New California Law Toughens Penalties for Device-Based Piracy

By Glenn Peoples, billboard.com

October 01, 2014 3:43 PM EDT

A new California bill targets digital piracy through storage devices like flash drives that are often sold by street vendors and at flea markets.

Introduced by Assembly member Raul Bocanegra, AB 2122 makes it a crime for a person who sells, rents or manufactures at least 100 recordings of audio or audiovisual works without conspicuously disclosing the true name and address of the manufacturer as well as the artist, producer, performer or programmer of the contents. The law covers recordings stored on vinyl records, CDs, cassettes, flash drives, memory cards and other media.

The new law is a recognition that illegally sold storage media — namely flash drives and memory cards — can contain vast amounts of recordings. Prior law was based on the number of articles illegally containing audio recordings, and a violation of 100 or more articles was a felony. Under AB 2122, a single article, or storage device, containing the “commercial equivalent” of 100 or more recordings would amount to a felony.
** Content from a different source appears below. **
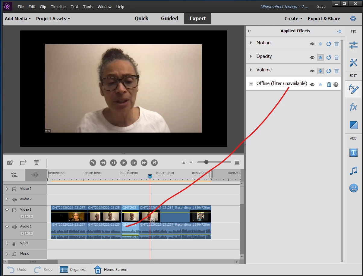 - I didn't find anything specifically germane, but one post mentioned something about that issue, and noted that the user reapplied an effect, but when they closed the project and reopened it, the effect was Offline again.

“I am incredibly pleased that Governor Brown has signed Assembly Bill 2122,” said Bocanegra in a statement. “In an era of flash drives and memory sticks, which can store hundreds, if not thousands, of unauthorized audio or visual recordings on a single device, AB 2122 will provide law enforcement with the necessary tools to continue the fight against media piracy.”
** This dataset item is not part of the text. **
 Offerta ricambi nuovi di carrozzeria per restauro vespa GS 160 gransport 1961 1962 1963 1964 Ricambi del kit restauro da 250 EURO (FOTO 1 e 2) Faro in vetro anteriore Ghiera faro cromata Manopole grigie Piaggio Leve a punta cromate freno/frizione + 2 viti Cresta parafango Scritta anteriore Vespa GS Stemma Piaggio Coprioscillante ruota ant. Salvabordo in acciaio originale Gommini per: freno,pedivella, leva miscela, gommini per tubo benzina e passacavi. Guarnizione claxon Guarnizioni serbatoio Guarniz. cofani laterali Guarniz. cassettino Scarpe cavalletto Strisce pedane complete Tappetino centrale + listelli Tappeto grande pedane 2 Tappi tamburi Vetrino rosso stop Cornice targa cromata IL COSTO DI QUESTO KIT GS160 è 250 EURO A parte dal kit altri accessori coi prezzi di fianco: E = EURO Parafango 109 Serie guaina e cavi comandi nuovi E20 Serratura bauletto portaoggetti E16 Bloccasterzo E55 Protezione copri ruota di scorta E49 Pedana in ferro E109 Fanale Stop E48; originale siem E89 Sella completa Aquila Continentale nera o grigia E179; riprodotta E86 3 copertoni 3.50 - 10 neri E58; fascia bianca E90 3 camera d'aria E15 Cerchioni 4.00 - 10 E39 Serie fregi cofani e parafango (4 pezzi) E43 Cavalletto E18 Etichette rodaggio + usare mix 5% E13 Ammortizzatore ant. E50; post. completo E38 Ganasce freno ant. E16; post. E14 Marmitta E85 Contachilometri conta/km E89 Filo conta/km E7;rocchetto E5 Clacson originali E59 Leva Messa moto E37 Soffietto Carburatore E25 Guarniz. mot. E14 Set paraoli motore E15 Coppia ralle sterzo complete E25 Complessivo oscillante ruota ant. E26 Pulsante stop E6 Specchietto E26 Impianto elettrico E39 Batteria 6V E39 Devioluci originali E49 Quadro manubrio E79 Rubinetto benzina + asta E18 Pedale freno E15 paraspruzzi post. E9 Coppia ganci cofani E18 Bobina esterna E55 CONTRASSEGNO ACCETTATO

AB 2122 was supported by the Recording Industry Association of America, the Motion Picture Association of America, the California Police Chiefs Association and the Los Angeles Area Chamber of Commerce. Governor Brown signed the bill into law Tuesday. It takes effect January 1, 2015.

According to a music industry source, California law needed to be updated to reflect changes in piracy. Flea market vendors have been discovered in California selling memory chips and thumb drives stocked with 1,200 songs or more for as low as $30 each. However, law enforcement has been hesitant to pursue these vendors because they would be subject only to misdemeanor violations.

The state of New York toughened its anti-piracy laws in 2011 to cover pirated music sold on flash drives, memory cards and other storage media.